+ Deportes Lunes, 12 de febrero de 2018 | Edición impresa

Este Lobo no tiene quién lo frene

Gimnasia venció 2-0 a Roca y comparte la cima de las posiciones con Estudiantes (RC). Diego Mondino y Palacios Alvarenga, los goleadores.

Por Redacción LA

Transita a paso firme Gimnasia y Esgrima en este Torneo Federal A. Firme y parejo. Anoche, aunque no tuvo una noche brillante, sumó una nueva victoria en condición de visitante frente a Deportivo Roca, con goles de Diego Mondino y Pablo Palacios Alvarenga. 

La primera parte mostró algunos de los buenos argumentos que ya viene mostrando Gimnasia desde hace un tiempo. Sin embargo, apenas fue suficiente para sacar ventaja tras una avivada de Cristian Llama, quien sacó rápido un tiro libre para Lucas Fernández y el posterior gol de Mondino.

Porque a lo largo de la etapa, Deportivo Roca también mostró buenas intenciones en la búsqueda de encontrar la valla de Exequiel Viola. Y en ese intercambio, unos y otros casi no pudieron lastimarse. Tuvo algunas el elenco local, pero casi nunca hubo precisión en la definición, mientras que el Lobo aprovechó la más clara para ponerse en ventaja.

A partir de esa acción, el conjunto mendocino encontró la paciencia necesaria para mover el balón con más inteligencia en la búsqueda de crear espacios en la defensa local.  ¿Y los encontró? No, pero su rival casi no inquietó. Rodrigo Mannara se fue desdibujando y el equipo sureño no consiguió encontrar los caminos al gol. 
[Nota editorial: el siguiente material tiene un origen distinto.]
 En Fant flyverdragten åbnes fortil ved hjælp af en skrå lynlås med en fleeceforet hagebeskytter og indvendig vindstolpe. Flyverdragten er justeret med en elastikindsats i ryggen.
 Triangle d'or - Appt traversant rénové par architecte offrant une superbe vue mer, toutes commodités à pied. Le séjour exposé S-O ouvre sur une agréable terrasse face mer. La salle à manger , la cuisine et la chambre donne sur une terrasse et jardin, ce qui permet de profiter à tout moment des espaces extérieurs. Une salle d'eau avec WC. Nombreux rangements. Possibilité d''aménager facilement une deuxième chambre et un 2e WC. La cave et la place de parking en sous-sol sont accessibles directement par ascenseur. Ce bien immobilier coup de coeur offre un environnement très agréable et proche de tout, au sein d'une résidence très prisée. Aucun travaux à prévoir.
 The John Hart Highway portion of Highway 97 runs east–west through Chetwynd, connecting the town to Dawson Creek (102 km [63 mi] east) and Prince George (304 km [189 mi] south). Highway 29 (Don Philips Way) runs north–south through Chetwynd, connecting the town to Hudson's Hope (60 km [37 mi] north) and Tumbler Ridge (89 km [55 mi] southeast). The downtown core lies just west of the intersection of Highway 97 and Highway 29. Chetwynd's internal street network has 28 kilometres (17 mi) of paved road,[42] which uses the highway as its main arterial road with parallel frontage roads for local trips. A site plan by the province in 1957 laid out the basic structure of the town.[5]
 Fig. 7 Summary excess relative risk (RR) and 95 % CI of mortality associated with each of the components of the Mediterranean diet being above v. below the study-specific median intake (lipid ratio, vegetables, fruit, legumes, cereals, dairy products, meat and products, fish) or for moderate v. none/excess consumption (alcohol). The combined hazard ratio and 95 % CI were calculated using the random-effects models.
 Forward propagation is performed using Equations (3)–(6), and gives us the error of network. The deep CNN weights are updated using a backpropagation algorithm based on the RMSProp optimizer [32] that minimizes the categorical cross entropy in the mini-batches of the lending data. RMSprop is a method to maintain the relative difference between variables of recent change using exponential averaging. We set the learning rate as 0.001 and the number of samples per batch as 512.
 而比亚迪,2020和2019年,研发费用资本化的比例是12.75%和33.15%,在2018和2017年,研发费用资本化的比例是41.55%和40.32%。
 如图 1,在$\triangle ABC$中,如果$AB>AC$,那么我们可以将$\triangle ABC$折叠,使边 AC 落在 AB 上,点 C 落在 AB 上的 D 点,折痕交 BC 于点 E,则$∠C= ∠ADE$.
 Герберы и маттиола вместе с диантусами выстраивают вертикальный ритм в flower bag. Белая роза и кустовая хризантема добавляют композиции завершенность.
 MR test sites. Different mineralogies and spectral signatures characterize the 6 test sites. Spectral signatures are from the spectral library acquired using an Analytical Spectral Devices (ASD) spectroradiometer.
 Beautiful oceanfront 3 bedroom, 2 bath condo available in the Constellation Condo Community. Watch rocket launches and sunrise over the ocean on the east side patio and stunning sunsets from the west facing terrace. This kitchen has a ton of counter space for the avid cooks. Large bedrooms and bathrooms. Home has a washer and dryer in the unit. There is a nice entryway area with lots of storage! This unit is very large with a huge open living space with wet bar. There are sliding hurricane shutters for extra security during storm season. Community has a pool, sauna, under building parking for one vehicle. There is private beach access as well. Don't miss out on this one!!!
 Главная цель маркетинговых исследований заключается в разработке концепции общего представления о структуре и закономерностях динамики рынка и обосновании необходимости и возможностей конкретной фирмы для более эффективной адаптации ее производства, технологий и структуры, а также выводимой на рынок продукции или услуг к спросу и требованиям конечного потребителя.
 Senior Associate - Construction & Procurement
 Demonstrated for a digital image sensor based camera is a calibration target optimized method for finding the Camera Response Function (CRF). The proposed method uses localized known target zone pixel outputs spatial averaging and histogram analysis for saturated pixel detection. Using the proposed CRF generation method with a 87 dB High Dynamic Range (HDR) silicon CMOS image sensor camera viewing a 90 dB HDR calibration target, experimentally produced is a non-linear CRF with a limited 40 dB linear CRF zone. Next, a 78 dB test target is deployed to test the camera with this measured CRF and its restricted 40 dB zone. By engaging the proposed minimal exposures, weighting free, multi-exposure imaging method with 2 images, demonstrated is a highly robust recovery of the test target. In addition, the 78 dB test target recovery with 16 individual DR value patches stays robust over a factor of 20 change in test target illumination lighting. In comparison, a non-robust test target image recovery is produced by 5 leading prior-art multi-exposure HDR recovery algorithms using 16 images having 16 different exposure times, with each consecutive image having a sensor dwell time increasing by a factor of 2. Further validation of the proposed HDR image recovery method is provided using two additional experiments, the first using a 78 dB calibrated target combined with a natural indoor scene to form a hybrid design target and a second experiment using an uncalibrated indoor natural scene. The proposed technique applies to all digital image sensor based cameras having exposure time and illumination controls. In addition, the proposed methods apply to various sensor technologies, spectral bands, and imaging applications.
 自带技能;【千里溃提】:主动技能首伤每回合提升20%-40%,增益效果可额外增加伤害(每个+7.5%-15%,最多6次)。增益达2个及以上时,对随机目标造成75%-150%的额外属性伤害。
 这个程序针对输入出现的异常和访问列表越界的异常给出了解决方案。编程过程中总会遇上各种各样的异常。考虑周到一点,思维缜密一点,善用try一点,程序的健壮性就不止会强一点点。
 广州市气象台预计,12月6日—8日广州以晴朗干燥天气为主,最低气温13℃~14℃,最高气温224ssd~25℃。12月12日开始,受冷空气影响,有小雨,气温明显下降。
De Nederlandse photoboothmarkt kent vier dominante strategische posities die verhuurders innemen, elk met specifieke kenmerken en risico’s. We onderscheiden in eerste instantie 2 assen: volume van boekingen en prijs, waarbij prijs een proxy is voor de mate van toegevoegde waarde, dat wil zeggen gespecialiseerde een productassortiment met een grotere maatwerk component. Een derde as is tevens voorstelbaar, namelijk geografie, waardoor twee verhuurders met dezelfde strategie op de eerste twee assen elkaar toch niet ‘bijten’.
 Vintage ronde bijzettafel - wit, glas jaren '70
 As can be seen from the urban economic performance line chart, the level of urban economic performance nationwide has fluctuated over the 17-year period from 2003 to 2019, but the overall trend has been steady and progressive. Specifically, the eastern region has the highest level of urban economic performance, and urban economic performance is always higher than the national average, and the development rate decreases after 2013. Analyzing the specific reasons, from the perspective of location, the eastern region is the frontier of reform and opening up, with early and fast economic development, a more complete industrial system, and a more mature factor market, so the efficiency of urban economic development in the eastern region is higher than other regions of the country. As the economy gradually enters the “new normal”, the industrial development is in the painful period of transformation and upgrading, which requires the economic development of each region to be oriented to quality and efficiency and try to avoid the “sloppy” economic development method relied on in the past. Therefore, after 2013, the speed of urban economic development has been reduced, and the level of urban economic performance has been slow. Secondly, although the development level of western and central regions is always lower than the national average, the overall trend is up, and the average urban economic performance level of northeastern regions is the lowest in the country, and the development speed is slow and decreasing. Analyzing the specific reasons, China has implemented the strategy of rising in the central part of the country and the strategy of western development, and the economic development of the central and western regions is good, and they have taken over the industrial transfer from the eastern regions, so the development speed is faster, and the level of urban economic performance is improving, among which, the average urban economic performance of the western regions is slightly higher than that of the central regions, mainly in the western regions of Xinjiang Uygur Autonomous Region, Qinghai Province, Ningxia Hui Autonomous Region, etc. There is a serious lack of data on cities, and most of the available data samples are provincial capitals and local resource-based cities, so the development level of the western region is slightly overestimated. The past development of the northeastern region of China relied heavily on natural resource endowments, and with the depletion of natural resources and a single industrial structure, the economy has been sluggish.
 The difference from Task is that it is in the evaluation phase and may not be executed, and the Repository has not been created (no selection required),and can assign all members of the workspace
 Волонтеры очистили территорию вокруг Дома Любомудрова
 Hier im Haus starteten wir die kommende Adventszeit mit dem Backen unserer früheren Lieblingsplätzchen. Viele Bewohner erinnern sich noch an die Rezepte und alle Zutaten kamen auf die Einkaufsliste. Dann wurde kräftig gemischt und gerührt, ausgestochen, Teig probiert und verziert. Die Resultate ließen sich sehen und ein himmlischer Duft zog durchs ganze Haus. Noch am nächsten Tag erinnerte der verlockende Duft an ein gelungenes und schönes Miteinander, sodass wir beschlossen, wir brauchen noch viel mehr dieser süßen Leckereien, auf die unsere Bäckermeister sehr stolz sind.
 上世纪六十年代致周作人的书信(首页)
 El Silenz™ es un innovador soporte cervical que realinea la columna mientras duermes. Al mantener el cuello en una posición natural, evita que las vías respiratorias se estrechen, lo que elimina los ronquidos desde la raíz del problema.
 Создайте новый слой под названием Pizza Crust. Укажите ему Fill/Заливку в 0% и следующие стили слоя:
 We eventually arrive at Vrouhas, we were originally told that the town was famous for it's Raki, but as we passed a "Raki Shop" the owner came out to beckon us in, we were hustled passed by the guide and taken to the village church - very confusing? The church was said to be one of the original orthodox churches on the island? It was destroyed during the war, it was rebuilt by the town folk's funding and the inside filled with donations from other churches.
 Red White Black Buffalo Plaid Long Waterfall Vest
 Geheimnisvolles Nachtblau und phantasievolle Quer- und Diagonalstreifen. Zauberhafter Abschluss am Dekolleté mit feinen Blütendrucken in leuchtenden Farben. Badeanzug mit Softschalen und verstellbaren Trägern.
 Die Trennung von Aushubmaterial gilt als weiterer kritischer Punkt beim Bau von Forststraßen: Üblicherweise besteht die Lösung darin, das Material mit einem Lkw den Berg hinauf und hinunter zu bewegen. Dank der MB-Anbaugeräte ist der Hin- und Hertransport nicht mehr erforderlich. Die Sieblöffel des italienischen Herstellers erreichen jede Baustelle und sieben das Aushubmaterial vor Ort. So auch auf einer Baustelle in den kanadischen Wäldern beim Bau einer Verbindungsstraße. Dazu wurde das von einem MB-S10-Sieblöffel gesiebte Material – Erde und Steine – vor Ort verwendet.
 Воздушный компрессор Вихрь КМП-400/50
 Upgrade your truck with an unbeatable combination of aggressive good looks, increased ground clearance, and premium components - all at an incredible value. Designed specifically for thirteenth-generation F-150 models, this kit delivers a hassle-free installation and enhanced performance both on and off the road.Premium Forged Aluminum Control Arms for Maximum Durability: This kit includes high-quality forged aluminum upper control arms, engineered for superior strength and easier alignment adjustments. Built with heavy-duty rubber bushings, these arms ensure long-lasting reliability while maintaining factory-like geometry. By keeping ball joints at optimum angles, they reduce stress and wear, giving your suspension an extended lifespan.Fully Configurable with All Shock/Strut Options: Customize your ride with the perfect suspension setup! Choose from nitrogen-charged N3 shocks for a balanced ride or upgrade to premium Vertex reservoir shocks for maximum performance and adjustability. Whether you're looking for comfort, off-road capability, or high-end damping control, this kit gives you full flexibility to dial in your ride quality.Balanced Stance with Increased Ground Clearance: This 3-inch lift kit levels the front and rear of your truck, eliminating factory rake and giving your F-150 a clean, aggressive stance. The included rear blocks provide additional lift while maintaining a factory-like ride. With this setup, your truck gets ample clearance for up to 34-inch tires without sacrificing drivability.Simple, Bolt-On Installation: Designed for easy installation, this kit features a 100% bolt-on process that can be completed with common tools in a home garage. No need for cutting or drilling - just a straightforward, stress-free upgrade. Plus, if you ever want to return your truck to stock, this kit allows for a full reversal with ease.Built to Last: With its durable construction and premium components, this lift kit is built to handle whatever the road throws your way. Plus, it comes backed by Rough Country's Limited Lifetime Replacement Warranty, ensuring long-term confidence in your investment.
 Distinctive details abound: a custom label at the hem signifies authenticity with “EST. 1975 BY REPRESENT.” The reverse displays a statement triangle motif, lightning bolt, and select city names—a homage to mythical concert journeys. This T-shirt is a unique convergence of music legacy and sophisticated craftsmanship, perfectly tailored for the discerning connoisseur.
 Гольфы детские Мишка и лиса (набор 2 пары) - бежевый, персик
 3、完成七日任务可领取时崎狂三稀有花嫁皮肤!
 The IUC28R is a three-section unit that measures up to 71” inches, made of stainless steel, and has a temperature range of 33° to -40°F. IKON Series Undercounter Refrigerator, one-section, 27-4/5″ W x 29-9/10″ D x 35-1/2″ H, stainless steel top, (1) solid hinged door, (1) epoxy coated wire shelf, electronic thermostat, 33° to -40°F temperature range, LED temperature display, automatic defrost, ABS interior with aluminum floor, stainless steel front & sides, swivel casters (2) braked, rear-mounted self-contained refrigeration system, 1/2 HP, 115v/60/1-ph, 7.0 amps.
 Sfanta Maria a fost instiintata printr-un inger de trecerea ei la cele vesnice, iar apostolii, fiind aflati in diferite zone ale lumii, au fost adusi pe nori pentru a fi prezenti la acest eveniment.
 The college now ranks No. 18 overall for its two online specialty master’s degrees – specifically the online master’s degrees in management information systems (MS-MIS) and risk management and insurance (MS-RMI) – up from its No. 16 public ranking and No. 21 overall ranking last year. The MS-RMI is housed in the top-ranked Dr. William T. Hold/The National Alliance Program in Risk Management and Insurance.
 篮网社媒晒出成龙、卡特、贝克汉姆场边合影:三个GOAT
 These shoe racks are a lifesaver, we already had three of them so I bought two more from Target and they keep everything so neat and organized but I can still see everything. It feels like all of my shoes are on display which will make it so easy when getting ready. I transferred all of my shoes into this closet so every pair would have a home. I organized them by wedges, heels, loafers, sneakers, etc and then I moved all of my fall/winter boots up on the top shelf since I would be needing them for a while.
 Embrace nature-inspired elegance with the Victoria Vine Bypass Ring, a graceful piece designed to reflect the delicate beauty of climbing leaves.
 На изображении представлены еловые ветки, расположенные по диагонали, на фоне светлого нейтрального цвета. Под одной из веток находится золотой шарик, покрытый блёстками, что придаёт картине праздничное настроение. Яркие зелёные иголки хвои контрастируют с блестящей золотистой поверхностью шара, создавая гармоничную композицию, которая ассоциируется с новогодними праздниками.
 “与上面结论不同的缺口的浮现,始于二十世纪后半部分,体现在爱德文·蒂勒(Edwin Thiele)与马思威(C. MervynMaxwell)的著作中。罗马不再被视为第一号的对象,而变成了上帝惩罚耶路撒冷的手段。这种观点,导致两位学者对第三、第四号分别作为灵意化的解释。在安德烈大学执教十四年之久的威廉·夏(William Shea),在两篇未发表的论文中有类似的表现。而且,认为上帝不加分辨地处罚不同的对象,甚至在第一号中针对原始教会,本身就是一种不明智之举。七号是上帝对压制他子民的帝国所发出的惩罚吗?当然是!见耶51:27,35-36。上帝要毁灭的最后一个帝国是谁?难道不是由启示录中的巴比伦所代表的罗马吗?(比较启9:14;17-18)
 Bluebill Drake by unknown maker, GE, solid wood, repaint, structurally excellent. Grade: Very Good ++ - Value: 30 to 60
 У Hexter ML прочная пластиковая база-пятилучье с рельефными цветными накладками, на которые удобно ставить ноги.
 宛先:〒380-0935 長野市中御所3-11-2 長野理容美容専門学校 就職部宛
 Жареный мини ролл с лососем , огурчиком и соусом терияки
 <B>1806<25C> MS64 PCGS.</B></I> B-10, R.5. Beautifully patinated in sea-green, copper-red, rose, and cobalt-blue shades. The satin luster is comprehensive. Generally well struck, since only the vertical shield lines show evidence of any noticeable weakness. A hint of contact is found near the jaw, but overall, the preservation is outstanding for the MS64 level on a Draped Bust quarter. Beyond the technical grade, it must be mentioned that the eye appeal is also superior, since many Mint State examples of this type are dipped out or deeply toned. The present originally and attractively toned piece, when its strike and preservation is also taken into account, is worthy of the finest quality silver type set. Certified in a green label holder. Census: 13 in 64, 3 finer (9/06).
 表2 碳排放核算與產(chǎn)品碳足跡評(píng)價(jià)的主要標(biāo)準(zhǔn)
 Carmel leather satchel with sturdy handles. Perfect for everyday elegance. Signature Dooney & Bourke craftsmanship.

Para el complemento, Gimnasia no cambió demasiado lo que venía haciendo. El objetivo era seguir siendo líder y lo consiguió desde un rendimiento prolijo en lo defensivo, con un buen rendimiento de Pablo Cortizo en la zona media. Y con la espalda bien cubierta, en ofensiva, el Lobo es demoledor. Unos minutos después de un tiro de esquina que casi termina con gol olímpico de Llama, Palacios Alvarenga sentenció la historia al aprovechar un “yerro” defensivo de su rival. 

El resto del juego estuvo de más. Deportivo Roca no tuvo forma de descontar y Gimnasia se hizo gigante para jugar con el aplomo del equipo que ya es candidato a pelear el ascenso y terminó cerrando una nueva noche ideal.